"I remember all about the Kellys," said honest Moya. "I'm not so young as all that."

"Did you ever hear of Captain Bovill?"

"I know the name, nothing more."

"I am glad of that," said Rigden, grimly. "It is the name by which my unhappy father is going down to Australian history as one of its most notorious criminals. The gold-fields were the beginning of the end of him, as of many a better man; he could not get enough out of his claim, so he took it from an escort under arms. There was a whole band of them, and they were all taken at last; but it was not the last of Captain Bovill. You have seen the old hulk Success? He was one of the prisoners who seized the launch and killed a warder and a sailor between them; he was one of those sentenced to death and afterwards reprieved. That was in '56; the next year they murdered the Inspector-General; and he was tried for that with fifteen others, but he got off with his neck.

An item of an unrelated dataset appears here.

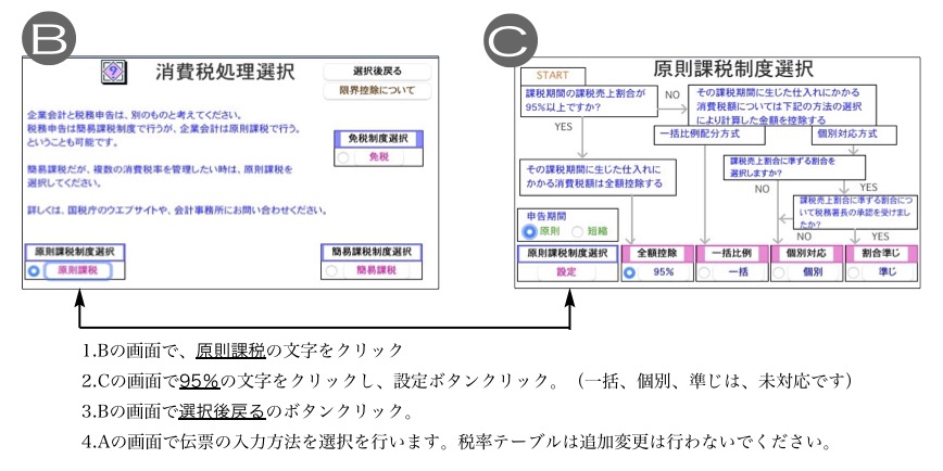 A.の画面右上、「消費税処理の設定」をクリック、「消費税処理選択」画面で、『原則課税・簡易課税・免税』のいずれかを選択→設定ボタンをクリックするだけで、課税制度の選択は終了です。

He only spoilt his last chance of legal freedom in this life; so he tried to escape again and again; and at last he has succeeded!"

The son's tone was little in keeping with his acts, but the incongruity was very human. There was Moya beside him in the moonlight, but for the last time, whatever she might say or think! And her mind was working visibly.

"Why didn't the police say who it was they were after?" she cried of a sudden; and the blame was back in her voice, for she had found new shoulders for it.

Rigden smiled sadly.

"Don't you see?" he said. "Don't you remember what Harkness said at the start about my fellows harbouring him? But he told me that evening—to think that it was only last night!—as a great secret and a tremendous piece of news. The fact is that my unhappy father was more than notorious in his day; he was popular; and popular sympathy has been the bugbear of the police ever since the Kellys. Not that he has much sympathy for me!" cried Rigden all at once. "Not that I'm acting altogether from a sense of filial duty, however mistaken; no, you shan't run away with any false ideas. It was one for him and two for myself! He had the whip-hand of me, and let me know it; if I gave him away, he'd have given me!"

"If only you had let him! If only you had trusted me," sighed Moya once more. "But you do now, don't you—dear?"

And she touched his coat, for she could not risk the repulse of his hand, though her words went so far—so very far for Moya.